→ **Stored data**
******************************

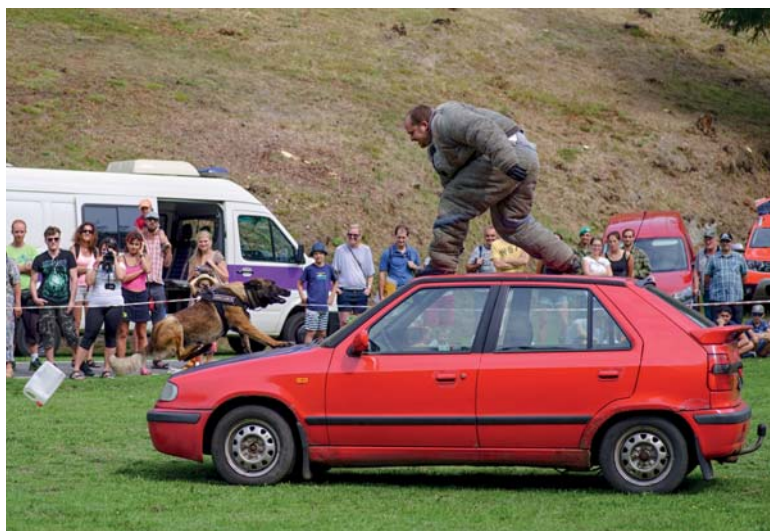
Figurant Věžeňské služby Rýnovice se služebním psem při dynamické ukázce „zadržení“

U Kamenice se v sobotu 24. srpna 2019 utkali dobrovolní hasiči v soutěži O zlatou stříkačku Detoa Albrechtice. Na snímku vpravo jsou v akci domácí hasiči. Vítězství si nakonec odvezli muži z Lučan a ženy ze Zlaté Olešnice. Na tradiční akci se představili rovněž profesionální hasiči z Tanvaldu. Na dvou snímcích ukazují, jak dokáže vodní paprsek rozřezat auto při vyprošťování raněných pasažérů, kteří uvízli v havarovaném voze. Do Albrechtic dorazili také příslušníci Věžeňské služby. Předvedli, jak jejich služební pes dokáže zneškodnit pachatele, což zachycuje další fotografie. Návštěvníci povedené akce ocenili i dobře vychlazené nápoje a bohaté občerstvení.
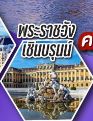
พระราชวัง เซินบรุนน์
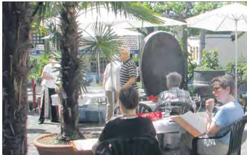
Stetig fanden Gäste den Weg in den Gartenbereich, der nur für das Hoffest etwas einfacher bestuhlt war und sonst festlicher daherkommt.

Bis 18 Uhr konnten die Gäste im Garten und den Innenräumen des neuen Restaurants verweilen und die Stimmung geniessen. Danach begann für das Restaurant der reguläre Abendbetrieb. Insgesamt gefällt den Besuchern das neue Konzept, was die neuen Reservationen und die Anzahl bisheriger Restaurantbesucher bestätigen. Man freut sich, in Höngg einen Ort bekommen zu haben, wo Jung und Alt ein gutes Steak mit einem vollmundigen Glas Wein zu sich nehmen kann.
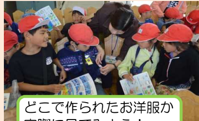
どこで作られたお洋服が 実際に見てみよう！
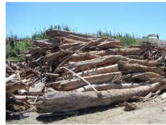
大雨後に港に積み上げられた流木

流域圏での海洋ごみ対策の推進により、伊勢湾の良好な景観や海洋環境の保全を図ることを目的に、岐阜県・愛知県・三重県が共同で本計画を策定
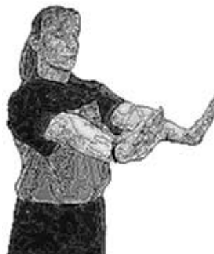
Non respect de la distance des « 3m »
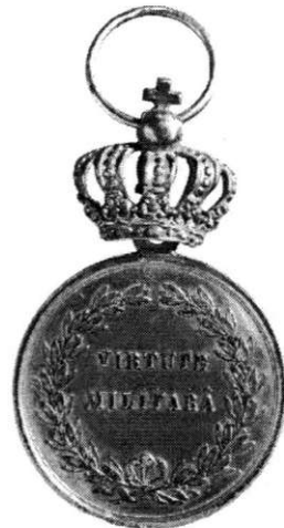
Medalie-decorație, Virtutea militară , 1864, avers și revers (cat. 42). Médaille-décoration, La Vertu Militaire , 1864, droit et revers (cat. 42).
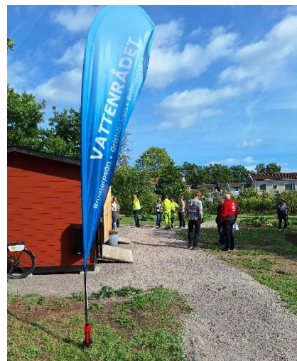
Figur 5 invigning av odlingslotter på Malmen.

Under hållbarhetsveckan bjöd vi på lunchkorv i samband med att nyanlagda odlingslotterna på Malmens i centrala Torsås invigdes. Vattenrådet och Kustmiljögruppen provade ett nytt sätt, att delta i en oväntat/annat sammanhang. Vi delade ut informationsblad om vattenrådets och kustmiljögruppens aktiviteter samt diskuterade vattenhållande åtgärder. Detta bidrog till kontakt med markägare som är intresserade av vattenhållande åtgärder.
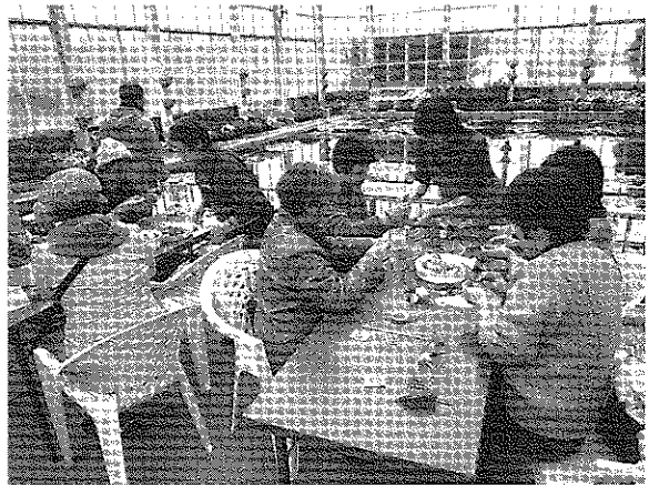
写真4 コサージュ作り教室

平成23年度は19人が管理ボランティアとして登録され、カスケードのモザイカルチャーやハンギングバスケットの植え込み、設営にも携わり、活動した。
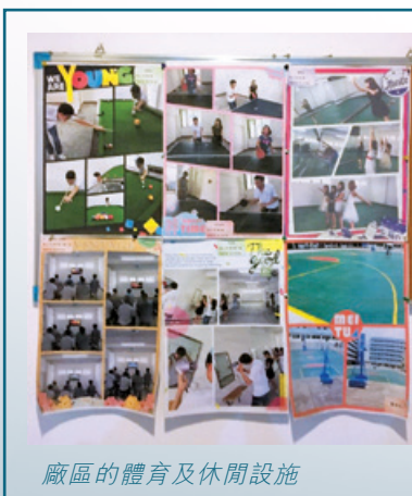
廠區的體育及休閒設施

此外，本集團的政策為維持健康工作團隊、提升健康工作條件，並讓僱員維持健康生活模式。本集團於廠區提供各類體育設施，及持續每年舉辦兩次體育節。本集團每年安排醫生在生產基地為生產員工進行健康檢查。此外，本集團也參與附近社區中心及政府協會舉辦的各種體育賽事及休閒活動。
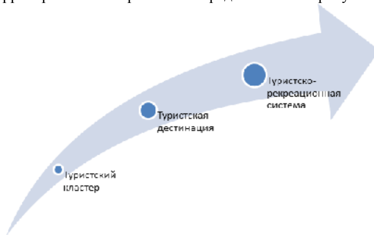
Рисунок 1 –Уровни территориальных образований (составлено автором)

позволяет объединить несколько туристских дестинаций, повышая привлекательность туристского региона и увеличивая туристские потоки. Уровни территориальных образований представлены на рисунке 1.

******************************

→ **Activity**
None of the pictures should be copied, but every record above must be restated in full.

→ **Exercise answer**
Figurant Věžeňské služby Rýnovice se služebním psem při dynamické ukázce „zadržení“

U Kamenice se v sobotu 24. srpna 2019 utkali dobrovolní hasiči v soutěži O zlatou stříkačku Detoa Albrechtice. Na snímku vpravo jsou v akci domácí hasiči. Vítězství si nakonec odvezli muži z Lučan a ženy ze Zlaté Olešnice. Na tradiční akci se představili rovněž profesionální hasiči z Tanvaldu. Na dvou snímcích ukazují, jak dokáže vodní paprsek rozřezat auto při vyprošťování raněných pasažérů, kteří uvízli v havarovaném voze. Do Albrechtic dorazili také příslušníci Věžeňské služby. Předvedli, jak jejich služební pes dokáže zneškodnit pachatele, což zachycuje další fotografie. Návštěvníci povedené akce ocenili i dobře vychlazené nápoje a bohaté občerstvení.
พระราชวัง เซินบรุนน์
Stetig fanden Gäste den Weg in den Gartenbereich, der nur für das Hoffest etwas einfacher bestuhlt war und sonst festlicher daherkommt.

Bis 18 Uhr konnten die Gäste im Garten und den Innenräumen des neuen Restaurants verweilen und die Stimmung geniessen. Danach begann für das Restaurant der reguläre Abendbetrieb. Insgesamt gefällt den Besuchern das neue Konzept, was die neuen Reservationen und die Anzahl bisheriger Restaurantbesucher bestätigen. Man freut sich, in Höngg einen Ort bekommen zu haben, wo Jung und Alt ein gutes Steak mit einem vollmundigen Glas Wein zu sich nehmen kann.
どこで作られたお洋服が 実際に見てみよう！
大雨後に港に積み上げられた流木

流域圏での海洋ごみ対策の推進により、伊勢湾の良好な景観や海洋環境の保全を図ることを目的に、岐阜県・愛知県・三重県が共同で本計画を策定
Non respect de la distance des « 3m »
Medalie-decorație, Virtutea militară , 1864, avers și revers (cat. 42). Médaille-décoration, La Vertu Militaire , 1864, droit et revers (cat. 42).
Figur 5 invigning av odlingslotter på Malmen.

Under hållbarhetsveckan bjöd vi på lunchkorv i samband med att nyanlagda odlingslotterna på Malmens i centrala Torsås invigdes. Vattenrådet och Kustmiljögruppen provade ett nytt sätt, att delta i en oväntat/annat sammanhang. Vi delade ut informationsblad om vattenrådets och kustmiljögruppens aktiviteter samt diskuterade vattenhållande åtgärder. Detta bidrog till kontakt med markägare som är intresserade av vattenhållande åtgärder.
写真4 コサージュ作り教室

平成23年度は19人が管理ボランティアとして登録され、カスケードのモザイカルチャーやハンギングバスケットの植え込み、設営にも携わり、活動した。
廠區的體育及休閒設施

此外，本集團的政策為維持健康工作團隊、提升健康工作條件，並讓僱員維持健康生活模式。本集團於廠區提供各類體育設施，及持續每年舉辦兩次體育節。本集團每年安排醫生在生產基地為生產員工進行健康檢查。此外，本集團也參與附近社區中心及政府協會舉辦的各種體育賽事及休閒活動。
Рисунок 1 –Уровни территориальных образований (составлено автором)

позволяет объединить несколько туристских дестинаций, повышая привлекательность туристского региона и увеличивая туристские потоки. Уровни территориальных образований представлены на рисунке 1.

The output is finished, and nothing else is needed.